I have a pandas dataframe. I want to count all the values in a column, to understand which of them is repeated. Then, I want to extract just the repeated values, and I want to use them to create a subdataframe.
Let’s make an example. Say that this is my dataframe:
df =
type color name
0 fruit red apple
1 fruit yellow banana
2 meat brown steak
3 fruit green apple
4 fruit orange orange
5 veg orange carrot
6 fruit yellow apple
7 meat brown steak
8 veg orange carrot
I want to know if in the column ‘name’ is there any repeated value. To do it, I use this line of code:
df['name'].value_counts().loc[lambda x : x>1]
And this is what I get:
apple 3
steak 2
carrot 2
Then, I want to create a subdataframe, filtering the ‘name’ column with ‘apple’, ‘steak’, ‘carrot’, to find the values related to the other column. This can be done with a proper function, of course.
The desired output is:
sub_df =
type color name
0 fruit red apple
1 fruit green apple
2 fruit yellow apple
3 meat steak brown
4 meat steak brown
5 veg orange carrot
6 veg orange carrot
I’ve tried different kind of code, with no success. I think the problem is in the use of df.count_values() because it gives me a Pandas series with the number of occurrencies, with no way to access the values that this method counts.
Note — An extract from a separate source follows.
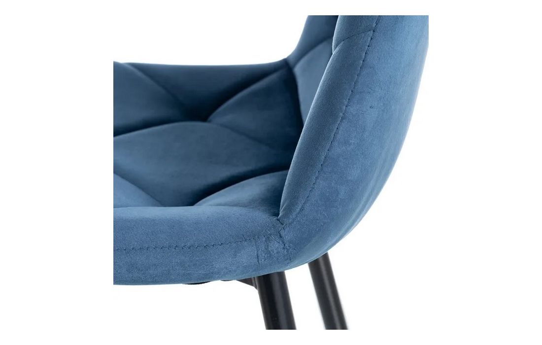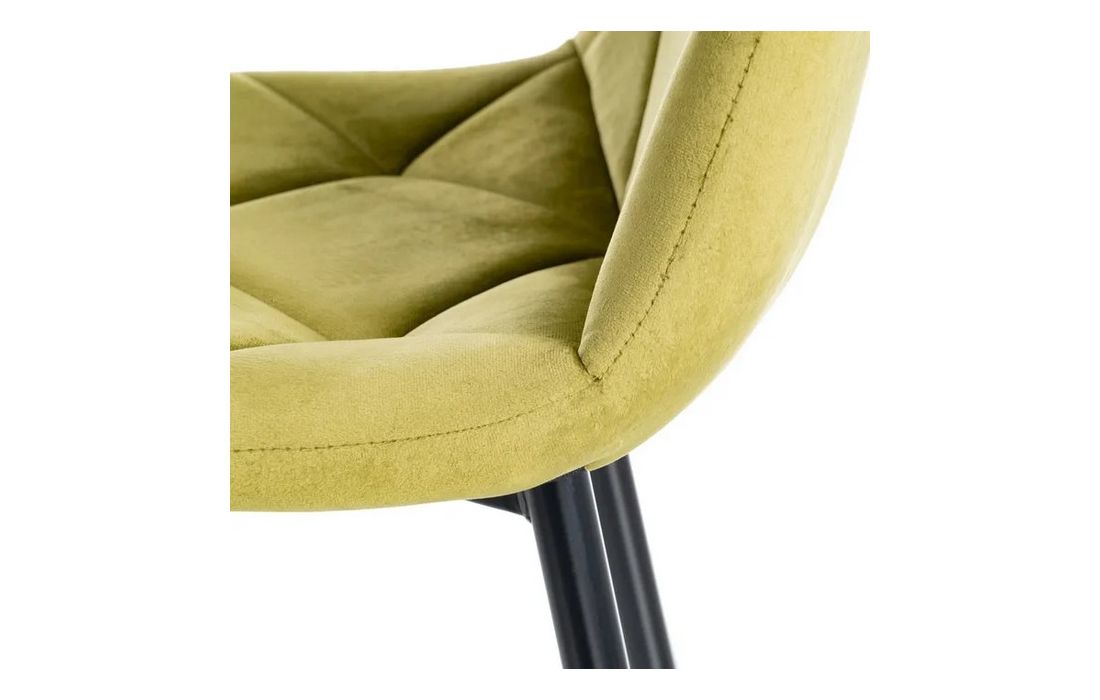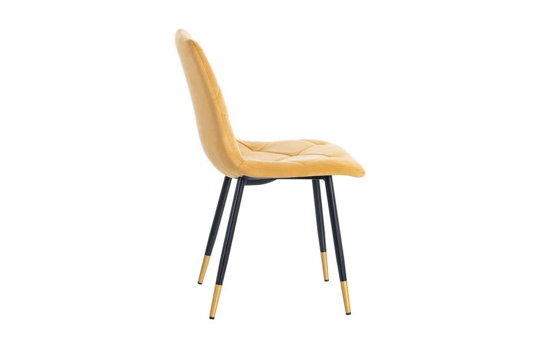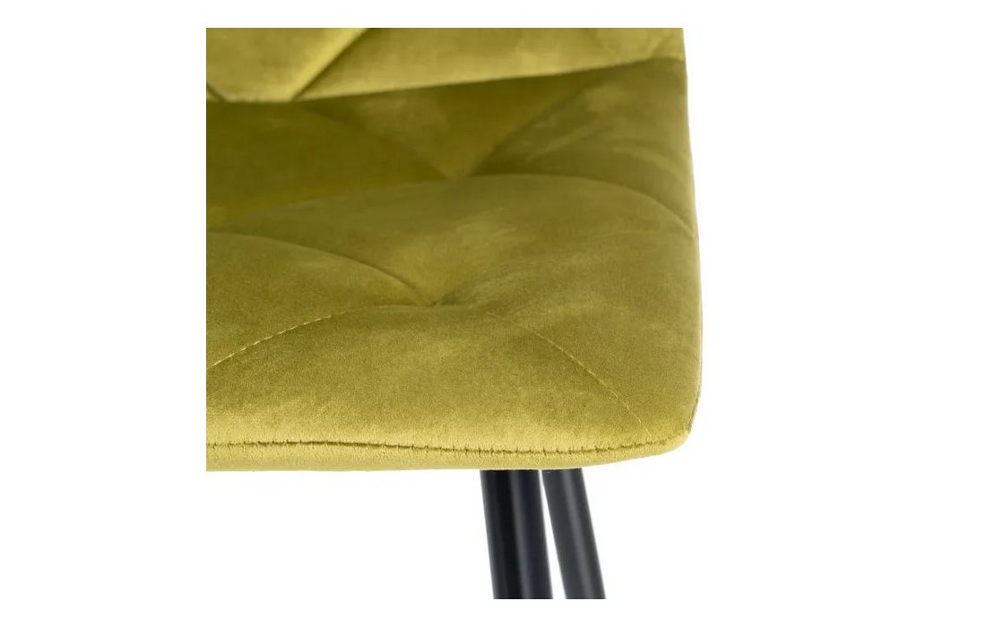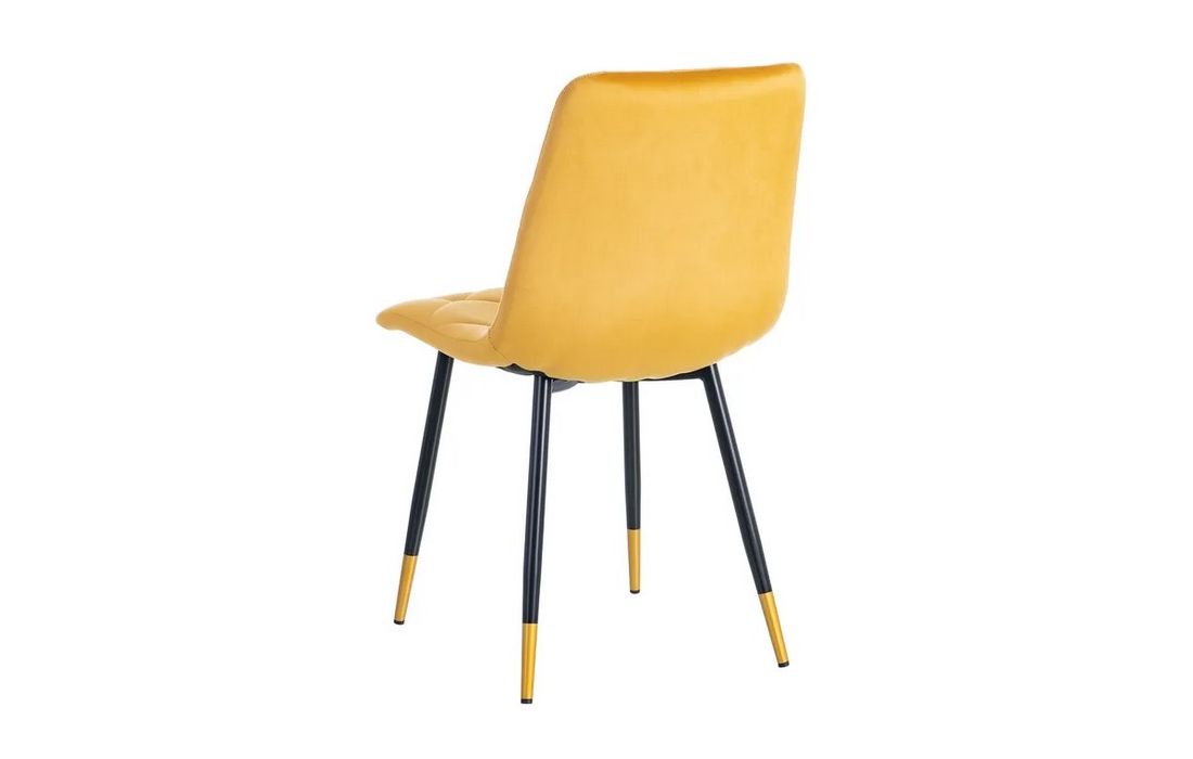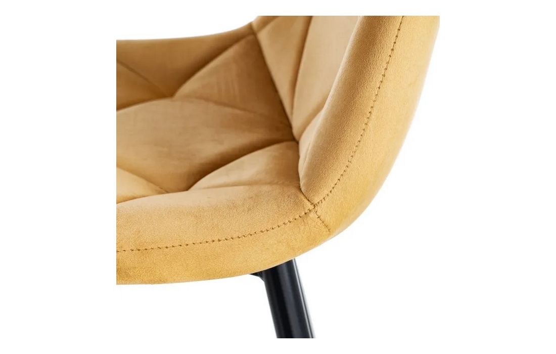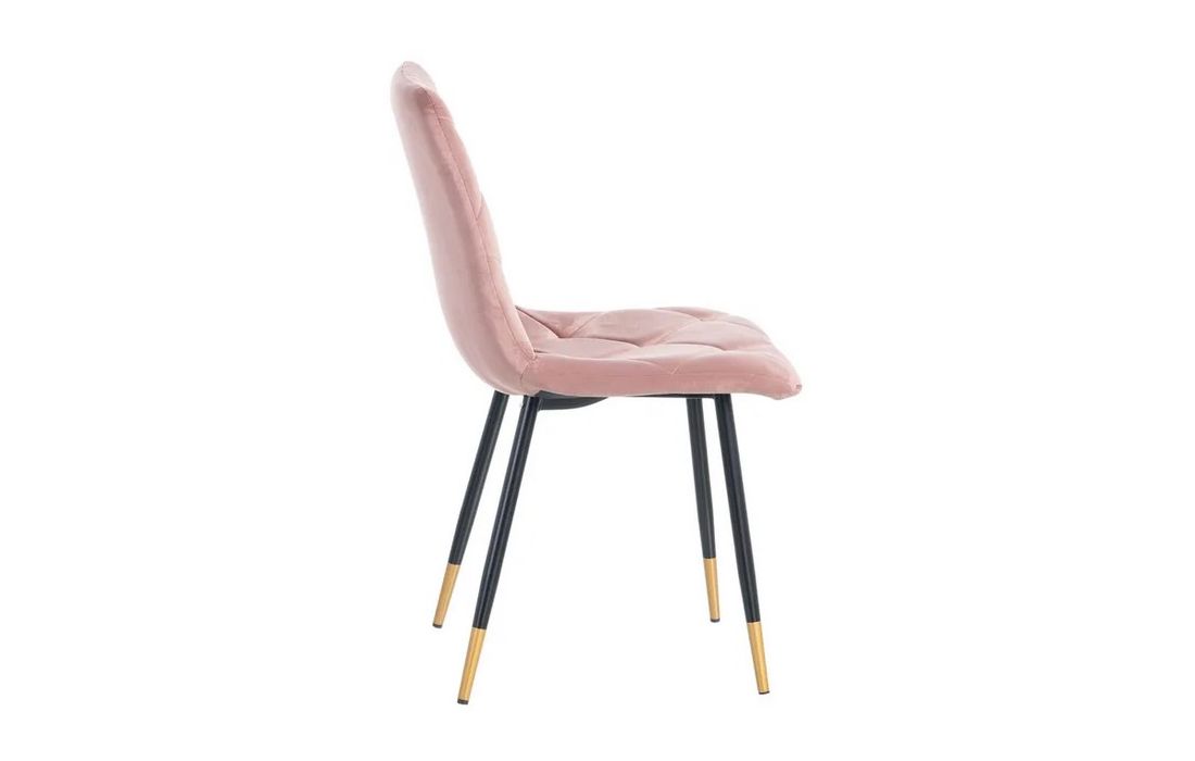 Chair made of black metal with golden detail on the legs and in velvet fabric.

Any suggestion on how to do it?
CodePudding user response:
You do not need to do this in two steps, here is how to use groupby and filter to achieve the final result:
df.groupby('name').filter(lambda g: g['type'].count() > 1).sort_values('name')
output:
type color name
0 fruit red apple
3 fruit green apple
6 fruit yellow apple
5 veg orange carrot
8 veg orange carrot
2 meat brown steak
7 meat brown steak
CodePudding user response:
For the next time, please provide better test data (data to copy and paste).
I think your desired output is wrong, because there is a steakvalue in color column.
I've tried the following that should do what you want. I think you understand the code, i only added the following line:
df[df["name"].isin(y.index.tolist())]
it searches in the name column of the dataframe for all values (isin) of the index values of the Series. If you want to have a complete new dataframe with own index you can add .reset_index() to the above line.
import pandas as pd
df = pd.DataFrame([
["fruit", "red", "apple"],
["fruit", "yellow", "banana"],
["meat", "brown", "steak"],
["fruit", "green", "apple"],
["fruit", "orange", "orange"],
["veg", "orange", "carrot"],
["fruit", "yellow", "apple"],
["meat", "brown", "steak"],
["veg", "orange", "carrot"]
],
columns=["type", "color", "name"])
print(df)
y = df['name'].value_counts().loc[lambda x: x > 1]
print(y)
df_2 = df[df["name"].isin(y.index.tolist())]
print(df_2)
Output:
type color name
0 fruit red apple
1 fruit yellow banana
2 meat brown steak
3 fruit green apple
4 fruit orange orange
5 veg orange carrot
6 fruit yellow apple
7 meat brown steak
8 veg orange carrot
apple 3
steak 2
carrot 2
Name: name, dtype: int64
type color name
0 fruit red apple
2 meat brown steak
3 fruit green apple
5 veg orange carrot
6 fruit yellow apple
7 meat brown steak
8 veg orange carrot